Every time I walk by a "route" like solitary confinement I think about what a beautiful line it is. A part of me feels like it is a shame that it was "put up" as a free solo thus eliminating the possibility of future ascents without risking death. I am not saying we should bolt these lines just wish I could climb them without risking my life. I do shrug it off though because I have other climbs on my list that I will do instead.
|
|
patrick compton
Trad climber
van
|
|
Sep 14, 2013 - 04:00pm PT
|
I wishes i had me a time machine for Honnold so he could solo everything up to 12..
...and no one could climb anything!
FA rules, sac-less pussies drool. Nanny nanny boo boo!
|
|
Rhodo-Router
Gym climber
sawatch choss
|
|
Sep 14, 2013 - 04:27pm PT
|
Kind of reminds me of the argument for tearing down old buildings to put up yet another glass-and-steel tower: the old building isn't serving anyone, it's not how we live these days, it's hogging primo real-estate, etc. Later on, though, people look around at their faceless, character-free city and wonder where all the charm went.
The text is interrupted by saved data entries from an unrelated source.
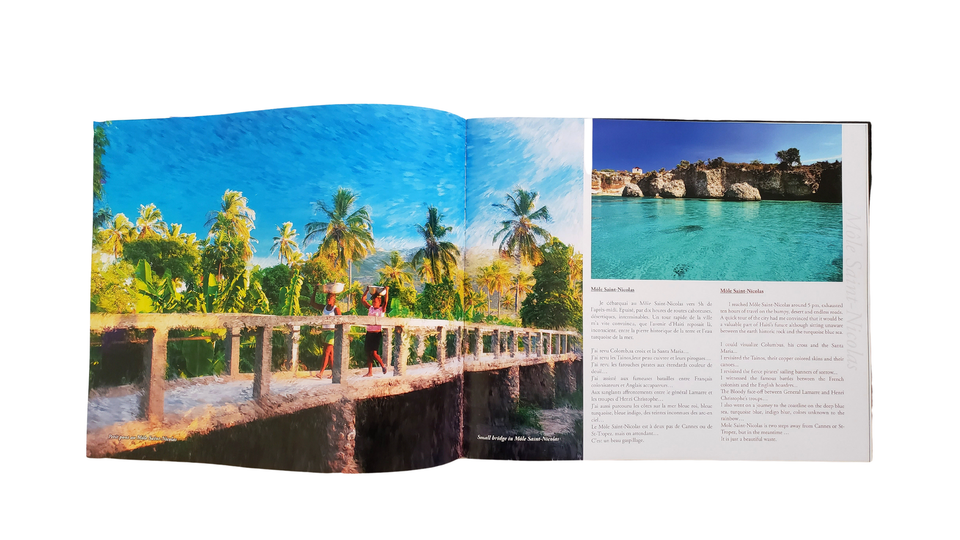 Haiti: Quand La Lentille Se Fait Palette' (French) translates into 'Haiti: When (Photo) Lenses become (a Painter's) Palette' is a dual language French book that includes an accompanying English translation. This oversized hardcover book features over 140 stunning photographs shot in Haiti's countryside by Monsieur Henri (Henri Cayard). This book is beautifully packaged in a hardcover sleeve. Many of the 140-plus vibrant colored photographs are accompanied by descriptive titles, texts and articles. This book is a Must-own for anyone who has a love for Art, Photography, Nature, Travel, Humanity and Haiti.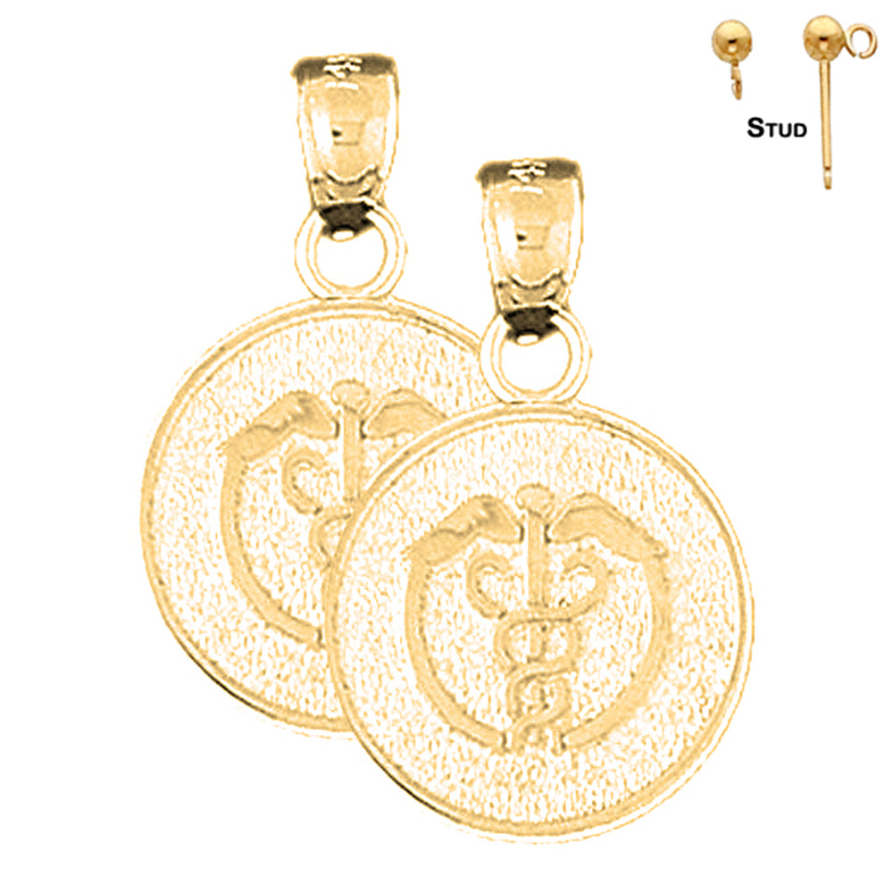 Pendientes Caduceo de Alerta Médica de Oro de 14K o 18K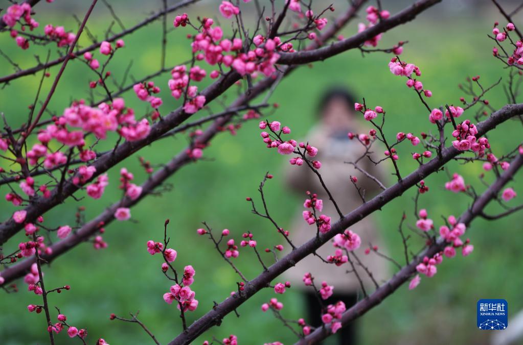 2月12日,在湖南省衡陽(yáng)市衡陽(yáng)縣西渡鎮梅花村,游客在拍攝梅花。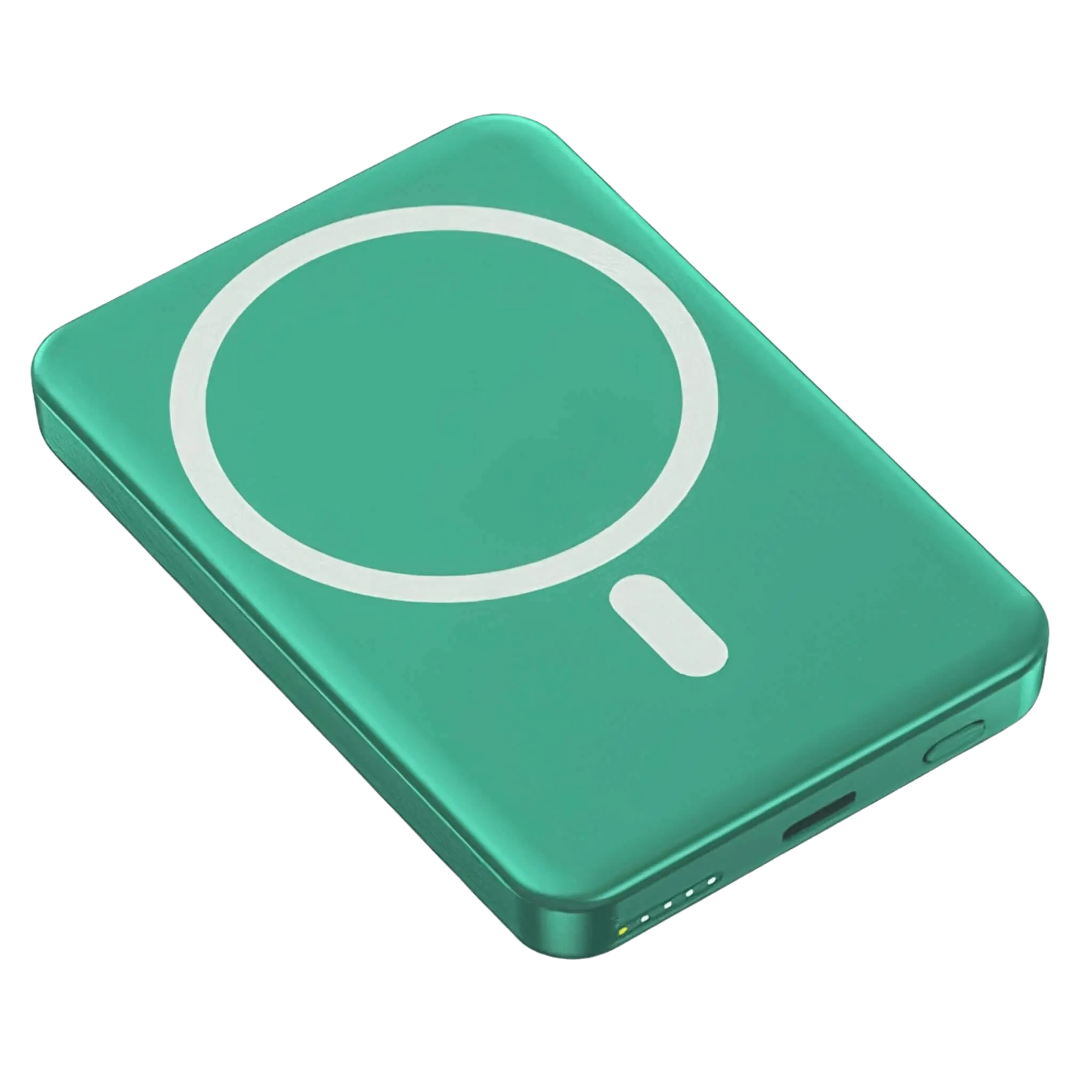 "10,000mAh MagSafe power bank for iPhone, sleek design, wireless charging, vibrant colors, portable, lightweight."
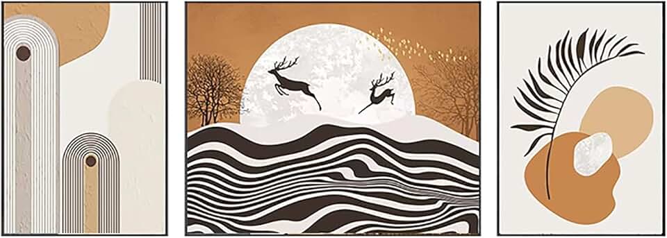 Modern Simple Decorative Painting, Foo Deer Triptych Combination Home Decor, Sofa Background Wall Hanging, Abstract Orange Line Mural for Living Room, Bedroom(14 * 20in/28 * 20in)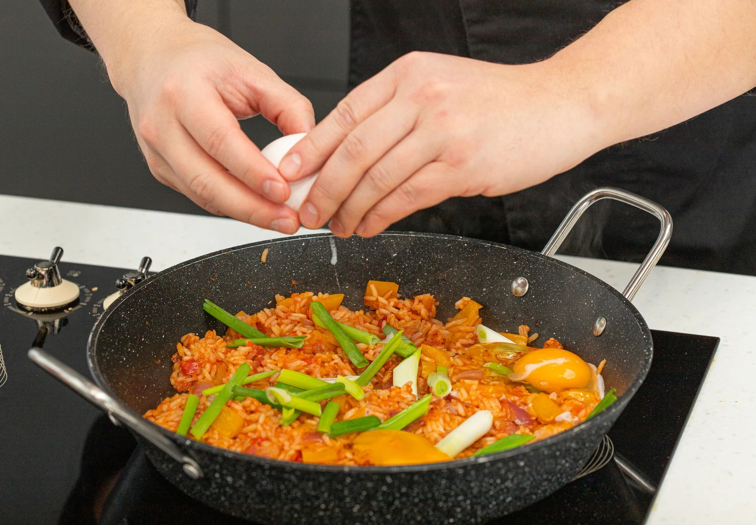 Сверху разбейте яйца и аккуратно вмешивайте их в рис в течение 2–3 минут.

The fact is, the FA principle is not perfect, but it's the closest thing we have. We're kind of stuck with it, unless we want a completely anarchic dumbing-down of all climbing areas. I do not want this.
Some FA's were indeed put up by people of a mental state to which few aspire: stoned, macho, adolescent, unhinged...these examples can be found. In another light, they serve also as examples of what can be achieved by humans of singular vision. We all appreciate the art of a Van Gogh, but few would trade places with him. That's OK.
Many more FA's have been, and are being created by, folk with a more 'community-service' outlook. If the Van Goghs scare you too much, there's always TV. This was created with the masses in mind. It's not often as brilliant, but it serves. Thousands of these routes exist. I would submit that sport climbs outnumber the runout testpieces in this country, by a huge margin. Greg and Bryan and those guys are doing the majority of climbers a huge favor by putting up repeatable, mortal climbs. They're fun, and safe. Lots of times I dig these routes.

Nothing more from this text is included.